* _Source material_
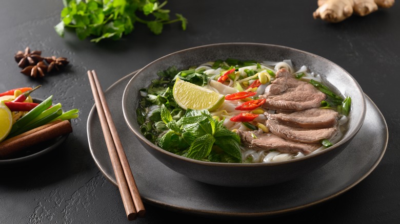 There are a number of methods to make this cozy beef noodle soup, and recipes can differ depending on how much time you're able to spend. Most recipes require the use of a range of beef bones and seasonings like cloves, star anise, Chinese cinnamon, ginger, and white pepper for the broth. After cooking your broth and rice noodles, add everything to a large bowl with raw, sliced beef. Thanks to the use of super-thin steak, the piping hot broth will quickly cook the beef, leaving you with tender, medium-rare steak. Be sure to add lots of garnishes — any combination of jalapeños, chilis, bean sprouts, Thai basil, scallions, cilantro, onions or lime wedges will work well. You can also add extra sauces like Sriracha or hoisin sauce for added spice and depth of flavor.
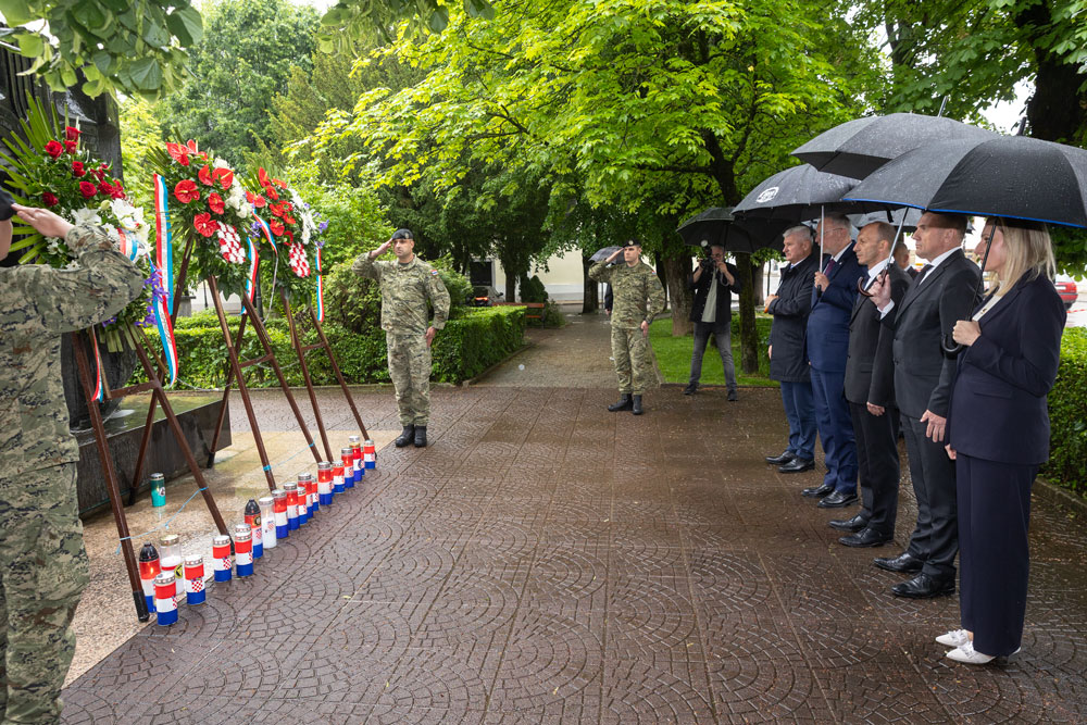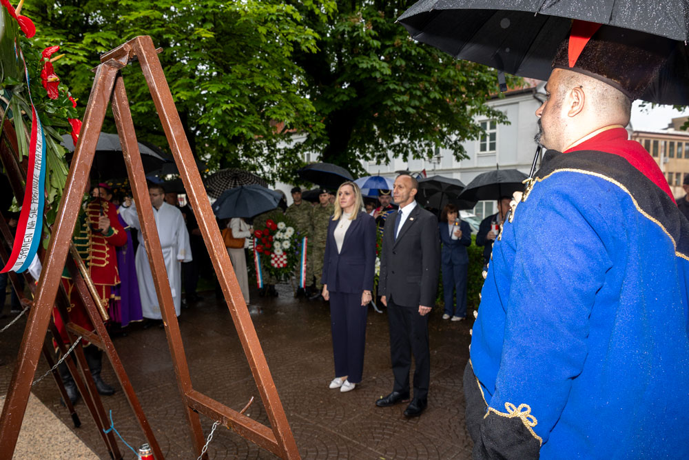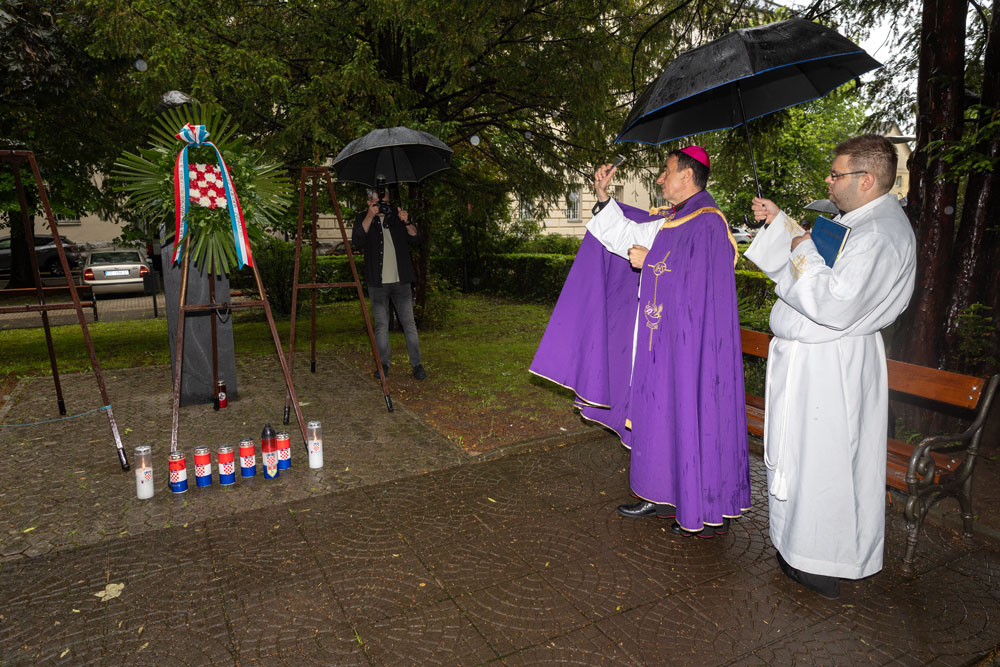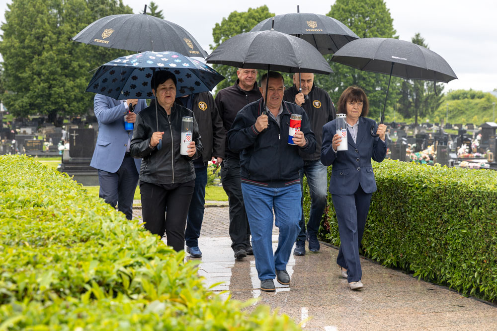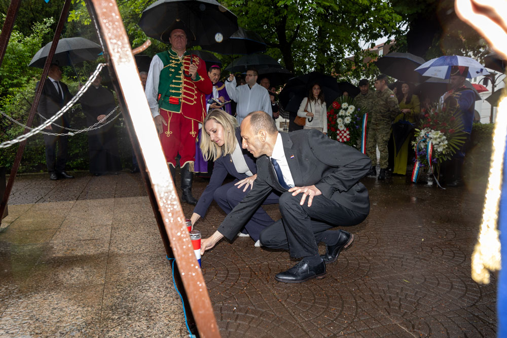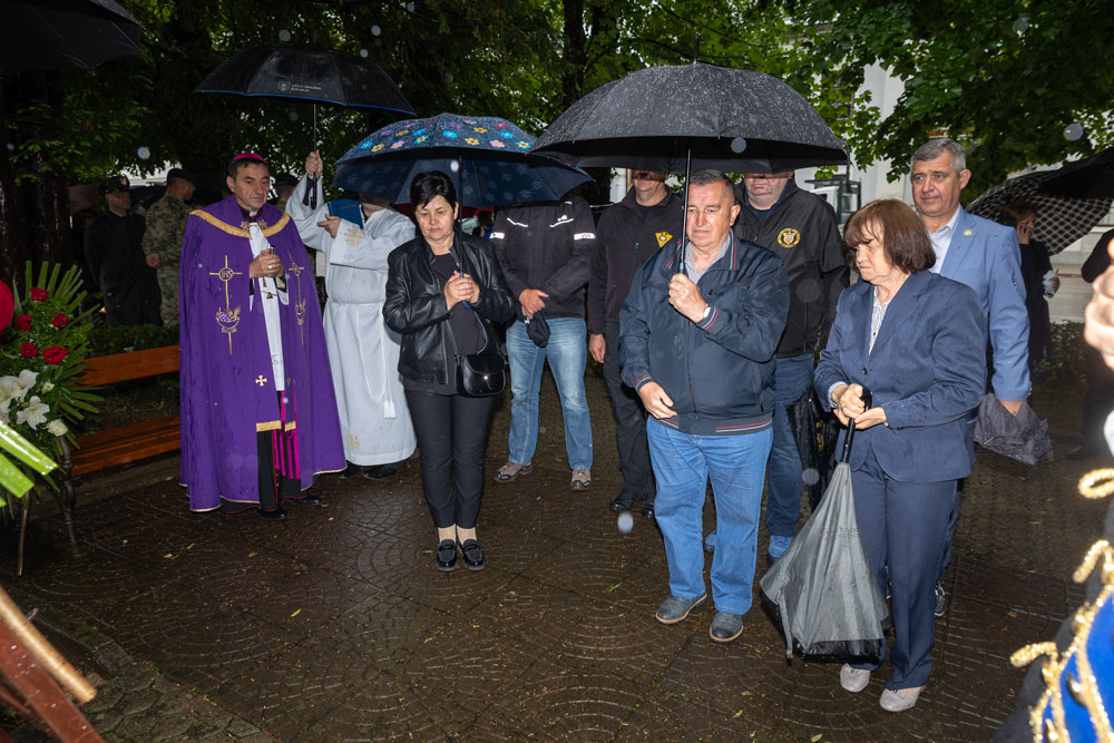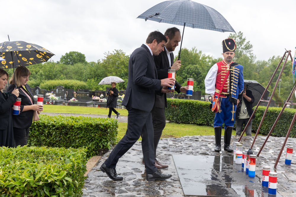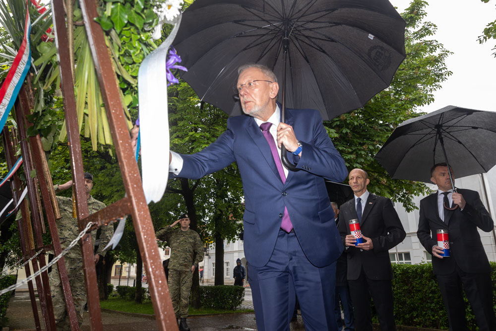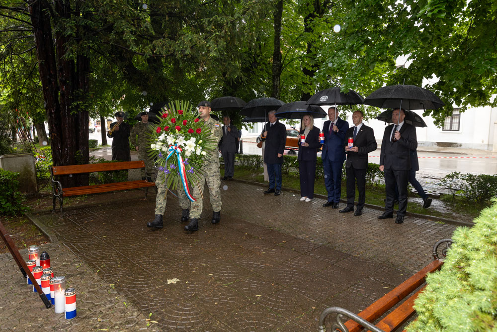 Nakon mise, upriličeno je zajedničko polaganje vijenaca i paljenje svijeća kod Spomenika poginulim braniteljima i civilnim žrtvama Domovinskog rata te biste prvog hrvatskog predsjednika dr. Franje Tuđmana na Trgu Alojzija Stepinca u Gospiću. Vijence i svijeće položili su ministar unutarnjih poslova i izaslanik Vlade RH Davor Božinović, državni tajnik Ministarstva hrvatskih branitelja Darko Nekić kao izaslanik ministra Tome Medveda, državni tajnik Ministarstva obrane Branko Hrg kao izaslanik ministra Ivana Anušića, župan ličko-senjski Ernest Petry i zamjenica župana Jasna Orešković Brkljačić, zamjenik gradonačelnika Grada Gospića Ivica Kovačević sa suradnicima, kao i predstavnici vojske, policije i braniteljskih udruga te pročelnici županijski odjela i ostali.
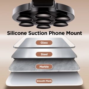 - It holds the phone safely on any clean and smooth surface . It has as many as 7 suction cups, 7.65 mm wide.
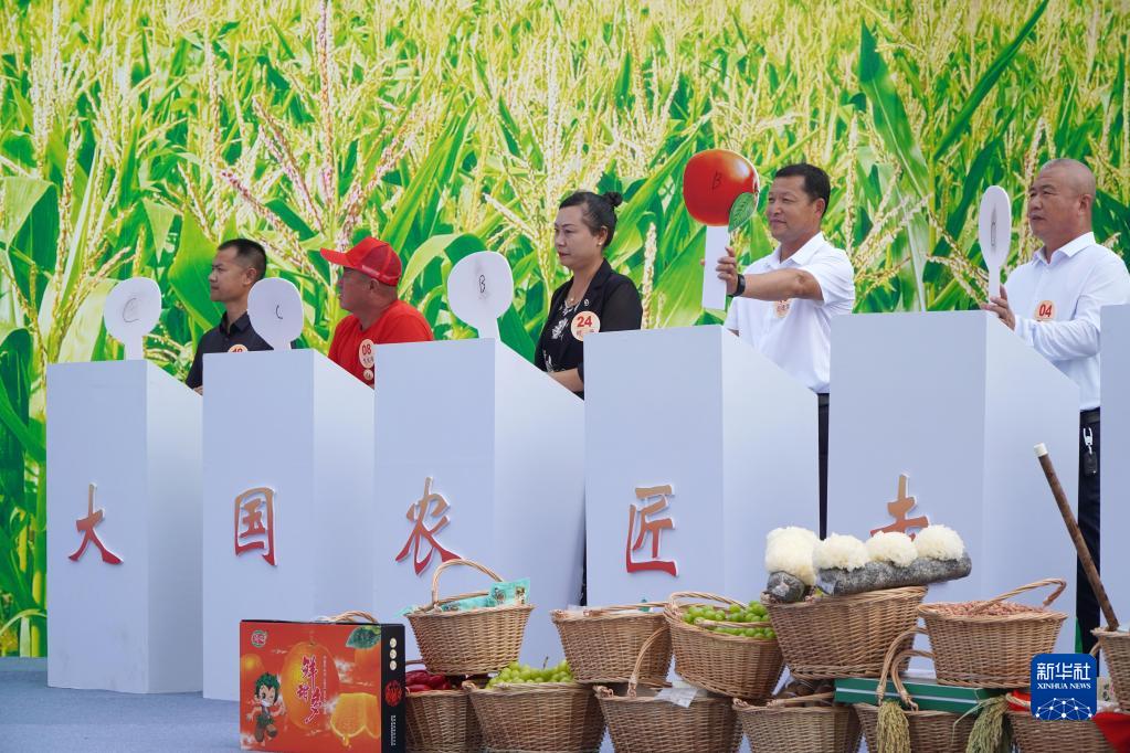 9月14日,選手在山東省樂陵市舉行的全國農民技能大賽(種植能手)上回答提問。
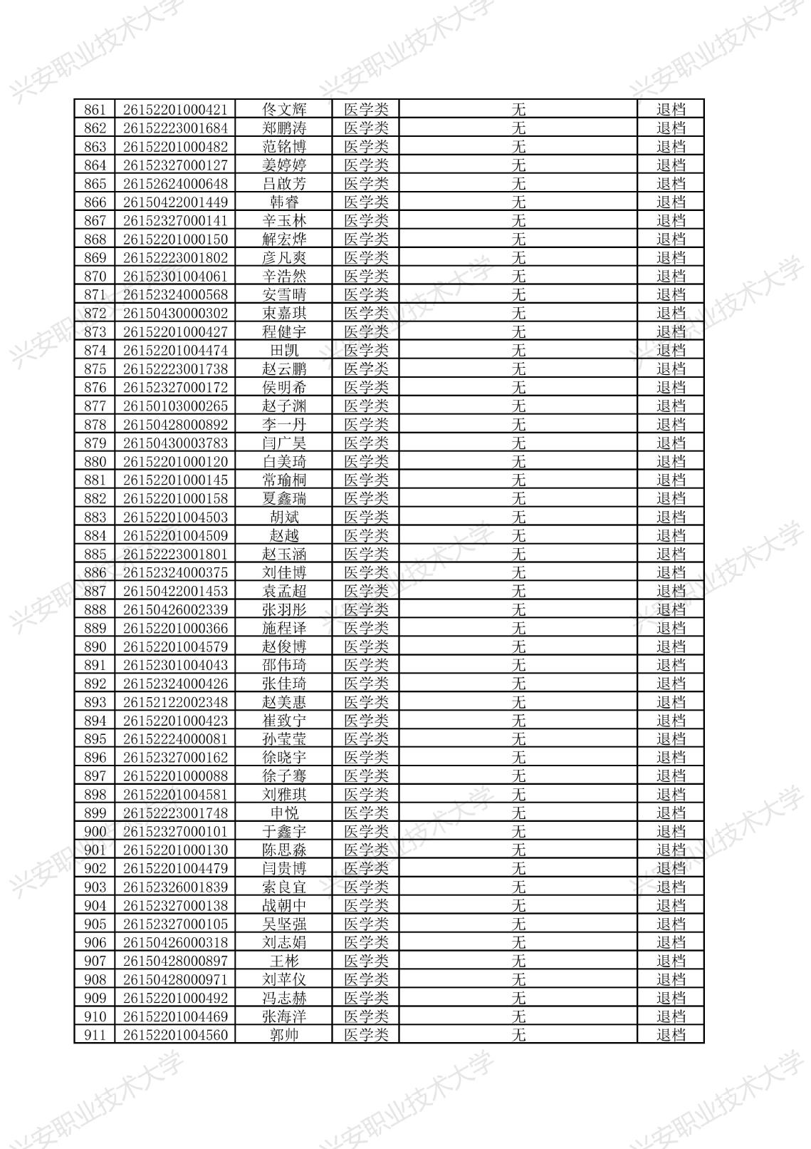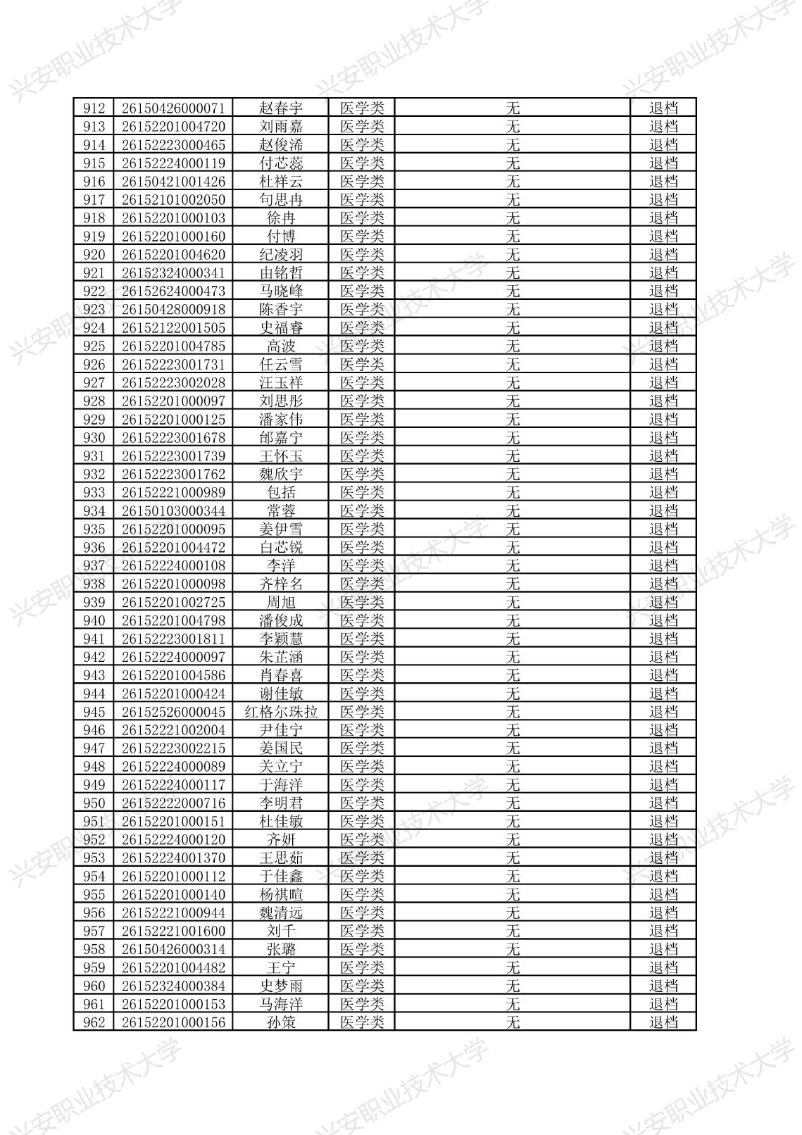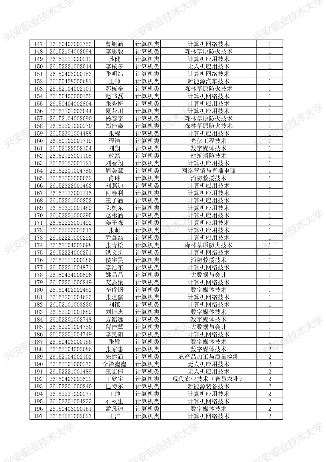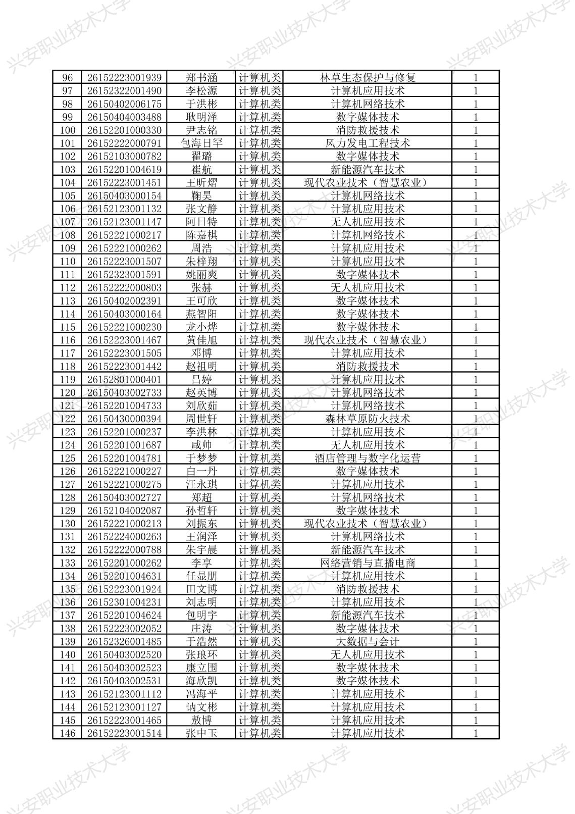兴安职业技术大学2026年单独考试招生拟录取名单

* _Exercise description_
Your answer should consist solely of the lines from the one holding "- It holds the" through the end of the listing, reproduced exactly and without pictures.

* _Response to this task_
 - It holds the phone safely on any clean and smooth surface . It has as many as 7 suction cups, 7.65 mm wide.
 9月14日,選手在山東省樂陵市舉行的全國農民技能大賽(種植能手)上回答提問。
兴安职业技术大学2026年单独考试招生拟录取名单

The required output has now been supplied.